When that happens, you go into the board manager, remove that offending board/version, and then you install whatever version you can (1.0.1 in this instance... unless you do the beta test 1.0.4).

Even then, Arduino still says:
Code: [Select]
Board oak1 (platform oak, package digistump) is unknown

Error compiling for board Oak by Digistump (Pin 1 Safe Mode - Default).
Happened to me in OSX yesterday and today on a win machine.

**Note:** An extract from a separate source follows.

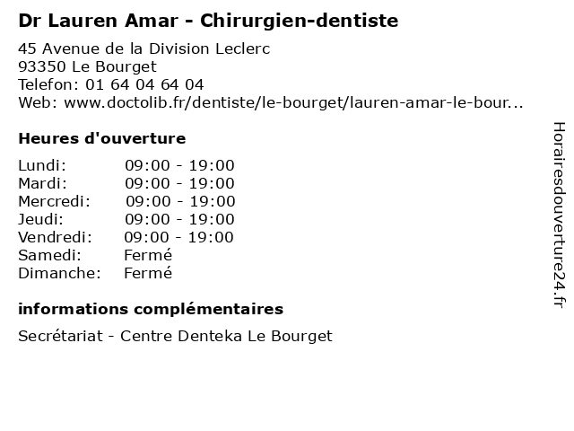 | 1 Dr Lauren Amar - Chirurgien-dentiste (Distance: 5,60 km) 3 Rue Etienne Dolet, 93230 Romainville amar, chirurgien, dentaire, dentiste, dr, implantologie, lauren, parodontologie 2 Dr Lauren Amar - Chirurgien-dentiste (Distance: 17,59 km) 52 Boulevard Clemenceau, 95240 Cormeilles-en-Parisis amar, centre, chirurgien, cormeilles, dentaire, dentiste, dr, en, implantologie, lauren, ortodontix, parisis, parodontologie 3 Hind Amar - Psychologue (Distance: 2,78 km) 112 Avenue Édouard Castelnau, 93700 Drancy amar, hind, psychanalyste, psychologue, psychothérapeute, thérapie 4 Amar Saheb - Masseur-kinésithérapeute (Distance: 3,71 km) 2 Rue Du Dr Delafontaine, 93205 Saint Denis amar, consultation, docteur, kinésithérapeute, masseur, med, médecin, saheb, traitement 5 Dr Amar Amrane - Médecin morphologique et anti-âge - secrétariat (Distance: 5,39 km) 21B Avenue Paul Langevin, 93600 Aulnay-sous-Bois amar, amrane, anti, consultation, docteur, dr, et, med, morphologique, médecin, médecine, secrétariat, traitement, âge 6 Dr Laurent Amar - Anesthésiste réanimateur (Distance: 6,06 km) 45 boulevard du maréchal Juin, 93260 Les Lilas amar, anesthésie, anesthésiste, consultation, docteur, dr, dr., laurent, medecins, réanimateur, réanimation, santé |

trying to remove 1.01 gives:
Code: [Select]
Could not find boards.txt in C:\Users\[username]\AppData\Local\Arduino15\packages\digistump\hardware\oak\1.0.1. Is it pre-1.5?
this Folder exists but doesn't have files in there. Arduino still thinks that this board is installed.
Removing the folder 1.01 gives me the option to install it again in Arduino. Doing this will result still in the same "Board oak1 is unknown". Only removing the folder 1.0.2 C:\Users\[username]\AppData\Local\Arduino15\packages\digistump\hardware\oak\ gives me again the option to build it successfully.
i use Arduino 1.6.9.

So please, never ever delete items in your package Json.

kh

  • Jr. Member
  • **
  • Posts: 64
  • OakTerm developer
Re: Firmware 1.0.2 kills my oaks Wifi and sketches
« Reply #31 on: June 28, 2016, 10:18:42 am »
Thanks for the explanation.

So it sounds like my instructions for 1.0.4 beta should also say (between steps 1 and 2):

  • First remove all existing "Oak by Digistump" boards with Boards Manager
  • If this gives an error, delete the corresponding folder from "AppData\Local\Arduino15\packages\digistump\hardware\oak\"
  • Reinstall the latest version available with Boards Manager

Can you confirm this is correct?

@PeterF, for people that have not made any changes in Boards Manager, do you know if things will start working again, without any intervention on their part, if @digistump restores 1.0.2 on his server?

saperlot

  • Newbie
  • *
  • Posts: 16
Re: Firmware 1.0.2 kills my oaks Wifi and sketches
« Reply #32 on: June 29, 2016, 01:41:53 am »
Thanks for the explanation.

So it sounds like my instructions for 1.0.4 beta should also say (between steps 1 and 2):

  • First remove all existing "Oak by Digistump" boards with Boards Manager
  • If this gives an error, delete the corresponding folder from "AppData\Local\Arduino15\packages\digistump\hardware\oak\"
  • Reinstall the latest version available with Boards Manager

I can't reproduce it, but should work..

Can you confirm this is correct?

@PeterF, for people that have not made any changes in Boards Manager, do you know if things will start working again, without any intervention on their part, if @digistump restores 1.0.2 on his server?

PeterF

  • Hero Member
  • *****
  • Posts: 877
Re: Firmware 1.0.2 kills my oaks Wifi and sketches
« Reply #33 on: June 29, 2016, 07:54:05 pm »
I'm not sure... I don't see why not so I think is just a version check, but the Arduino folks have some strange ideas at times! :-O I expect that the 1.0.2 board could be restored in the json, and when they either manually refresh by opening the board manager and letting it check for updates, or just leave the IDE open for a few minutes so it does it itself in the background, all should be good again...  And yes, your updated instructions should be good... the oak folder should just be emptied of its contents...

kh

  • Jr. Member
  • **
  • Posts: 64
  • OakTerm developer
Re: Firmware 1.0.2 kills my oaks Wifi and sketches
« Reply #34 on: June 29, 2016, 08:13:29 pm »
Thanks for the feedback @saperlot and @PeterF. I've updated my 1.0.4 beta install instructions post.

digistump

  • Administrator
  • Hero Member
  • *****
  • Posts: 1465
Re: Firmware 1.0.2 kills my oaks Wifi and sketches
« Reply #35 on: July 02, 2016, 09:46:01 am »
I apologize both for the delay on my part and the issues caused by pulling 1.0.2 - even after years of working with the Arduino IDE I still don't always understand everything it does or that will cause problems.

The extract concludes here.